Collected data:
════
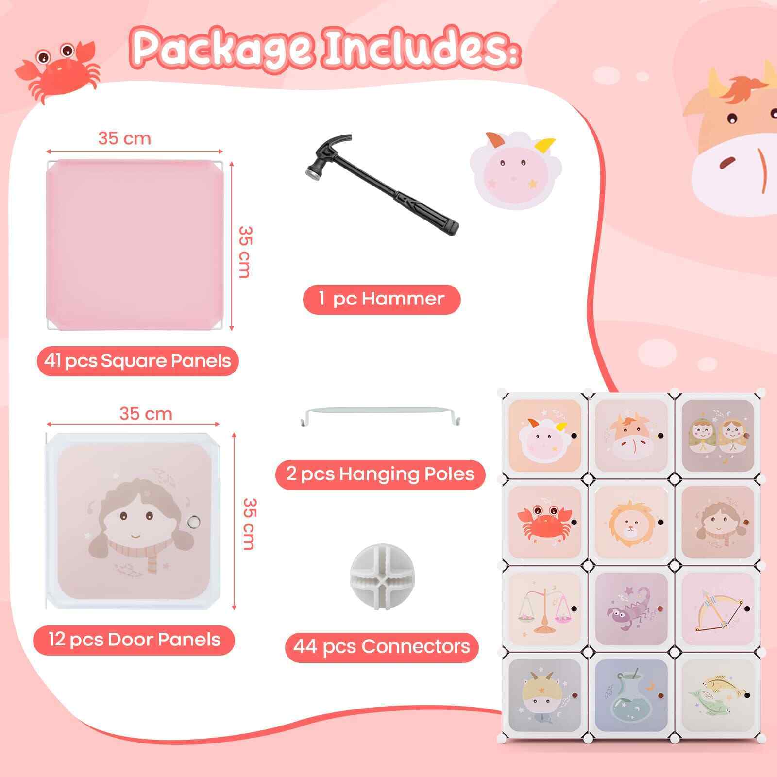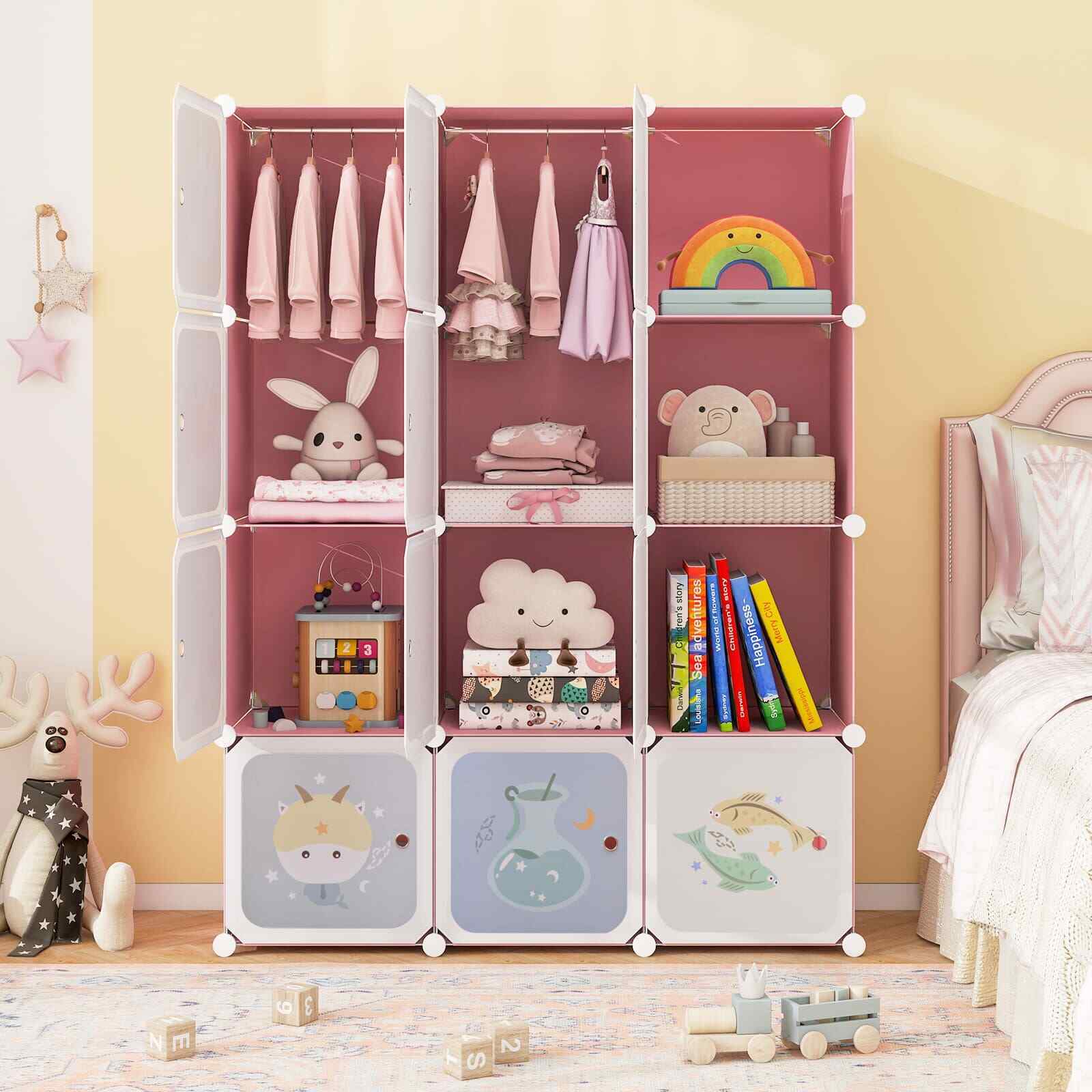 12-Cube Baby Closet Portable Kids Wardrobe-Pink
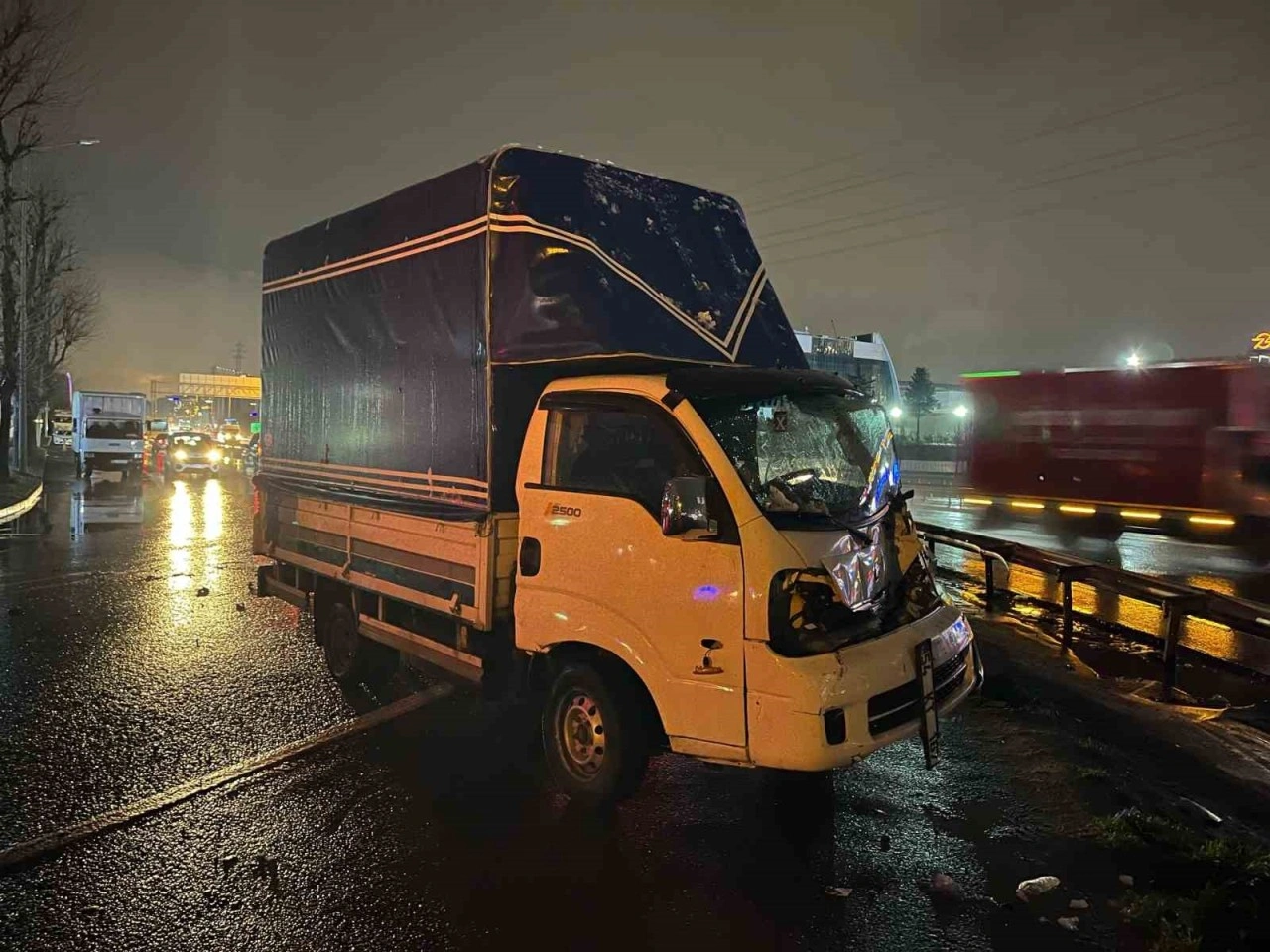 <div>Bahçelievler’de seyir halindeki iki kamyonetin karıştığı kazada bir sürücü yaralandı. Araçta sıkışarak itfaiye tarafından kurtarılan yaralı, ambulansla hastaneye kaldırıldı.</div><div>Olay, akşam saatlerinde İstanbul Bahçelievler Yenibosna Merkez Mahallesi Cemal Ulusoy Caddesi üzerinde meydana geldi. İddiaya göre, cadde üzerinde seyir halindeki 54 KT 187 plakalı kamyonet ile karşı istikametten gelen 34 EJ 8314 plakalı başka bir kamyonet henüz bilinmeyen bir nedenle çarpıştı. Kaza sonrası 54 KT 187 plakalı kamyonet sürücüsü araçta sıkıştı. İhbar üzerine olay yerine itfaiye, polis ve sağlık ekipleri sevk edildi. İtfaiye ekiplerince sıkıştığı yerden çıkarılan yaralı sürücü sağlık ekiplerinin müdahalesinin ardından ambulansla hastaneye kaldırıldı. Kaza nedeniyle trafikte bir süre aksama meydana geldi.</div><div>Kaza sonrası iki araç çekici yardımı ile kaldırıldı.</div><div></div><div><b>Kaynak:</b> IHA</div>
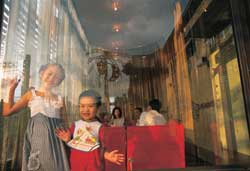 在人車進出頻繁的火車站,透過藝術的進駐,讓旅人在不經意的一瞥中與藝術相會。圖為藝術家黃芳琪的作品《一剎》。(林格立攝)
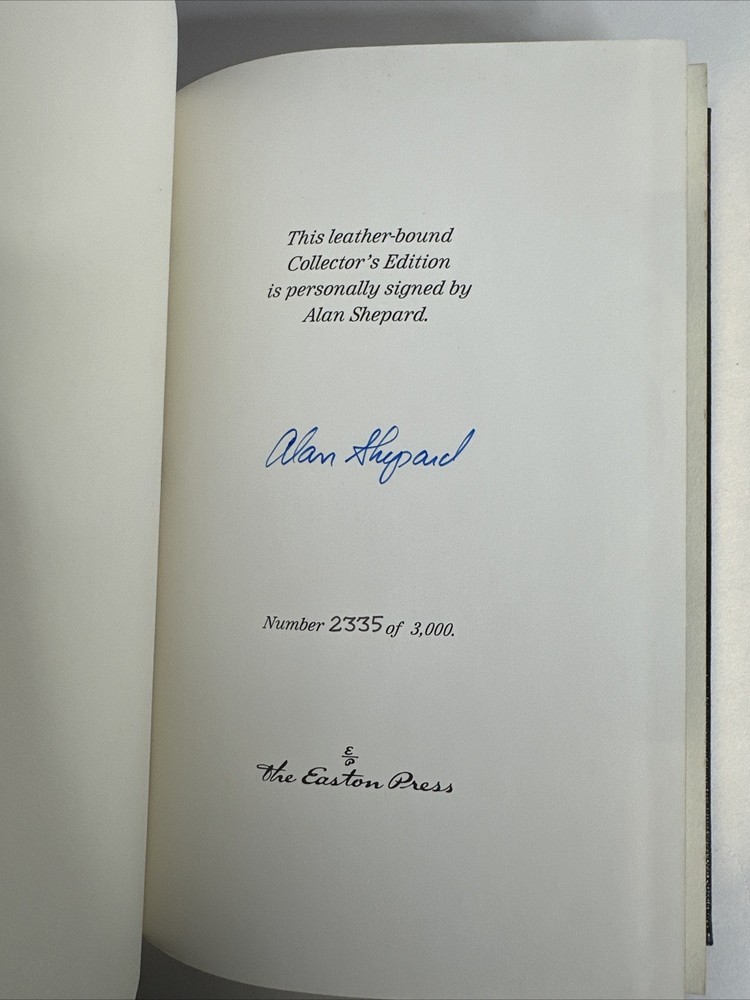 The product is a signed leather-bound edition of "Moon Shot" by Alan Shepard, published by Easton Press in 1996 as part of the Astronauts Library series. This collectible book, written in English, focuses on the topics of science and psychology. With a Certificate of Authenticity, this edition would be a valuable addition to any collector's library, particularly for those interested in space exploration and the work of Alan Shepard.
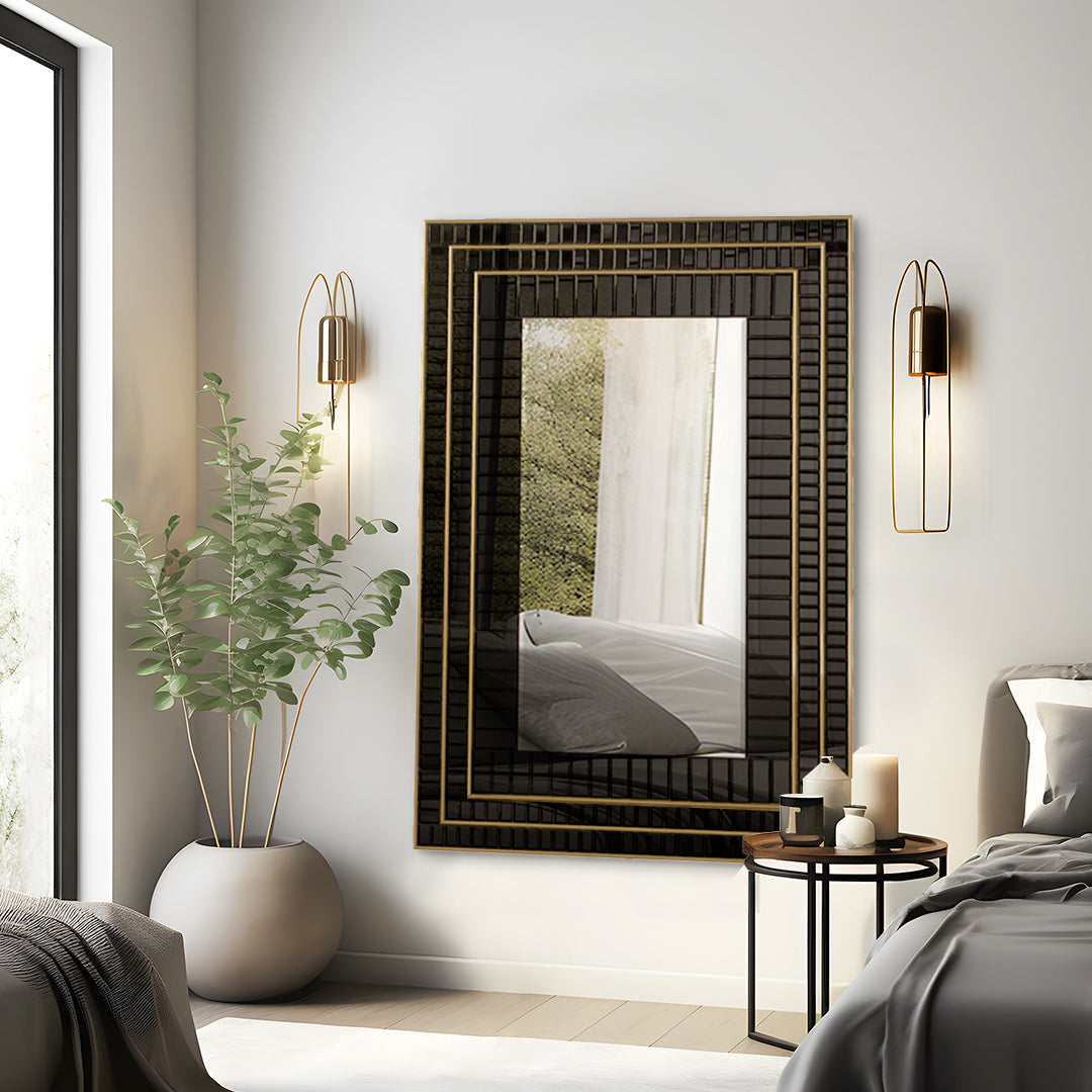 A touch of black to bring sophistication and opulence. The Kunwa mirror is a breathtaking statement piece featuring a frame made of an exquisite mosaic of small rectangular black-tinted mirrors, meticulously arranged to create a masterpiece of elegance.
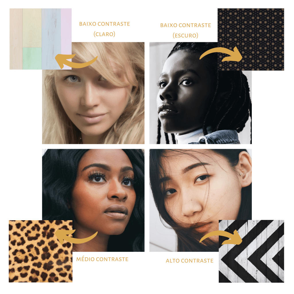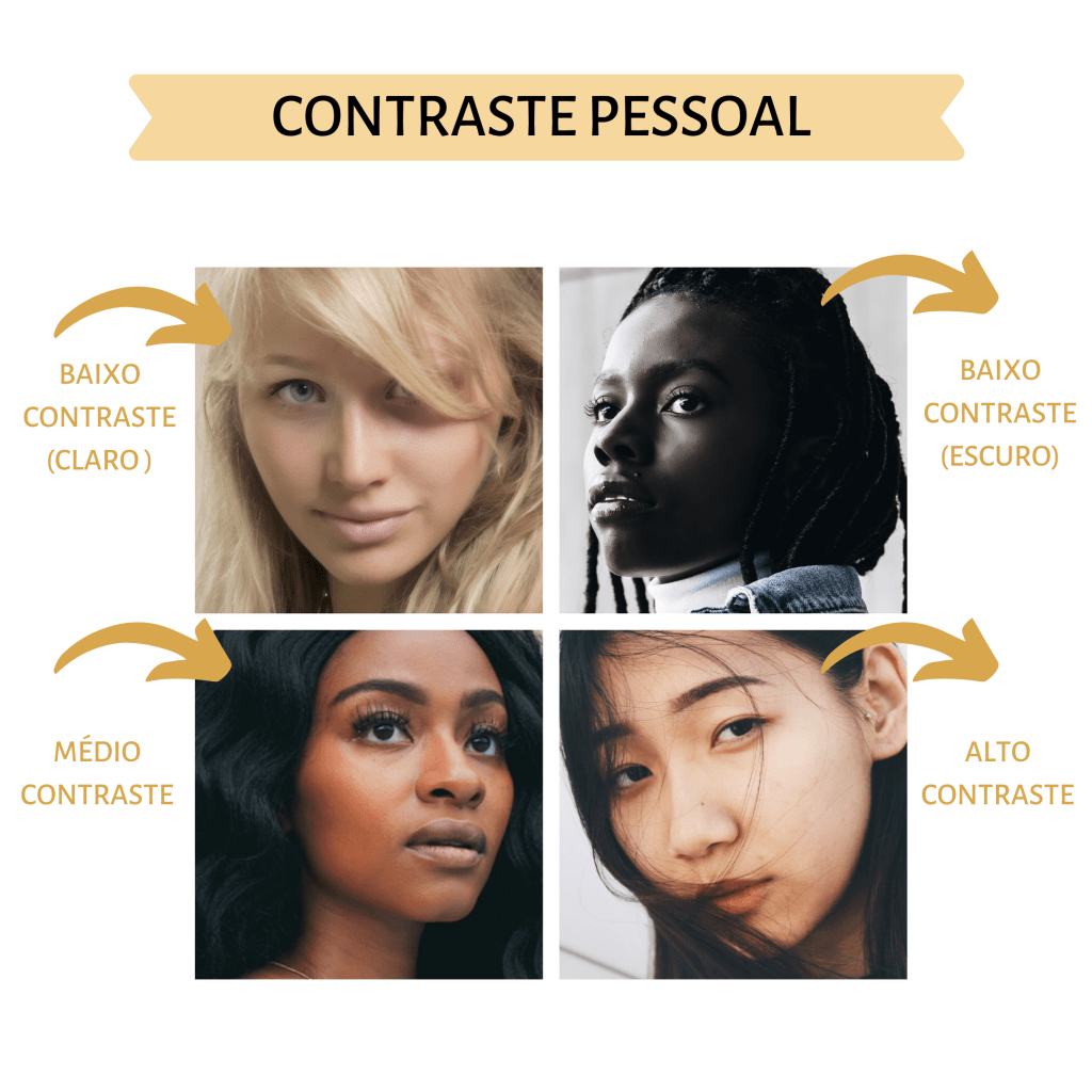 Dee uma forma bem fácil de entender, contraste pessoal é a o nível/escala de diferença de cores entre tons de pele, cabelos, sobrancelhas e olhos! Entendendo melhor o contraste:
════
● WORK ITEM
Find the line containing "The product is" in the records above and restate it, and each line after it through the end, word for word, dropping the pictures.

● PROBLEM SOLUTION
 The product is a signed leather-bound edition of "Moon Shot" by Alan Shepard, published by Easton Press in 1996 as part of the Astronauts Library series. This collectible book, written in English, focuses on the topics of science and psychology. With a Certificate of Authenticity, this edition would be a valuable addition to any collector's library, particularly for those interested in space exploration and the work of Alan Shepard.
 A touch of black to bring sophistication and opulence. The Kunwa mirror is a breathtaking statement piece featuring a frame made of an exquisite mosaic of small rectangular black-tinted mirrors, meticulously arranged to create a masterpiece of elegance.
 Dee uma forma bem fácil de entender, contraste pessoal é a o nível/escala de diferença de cores entre tons de pele, cabelos, sobrancelhas e olhos! Entendendo melhor o contraste:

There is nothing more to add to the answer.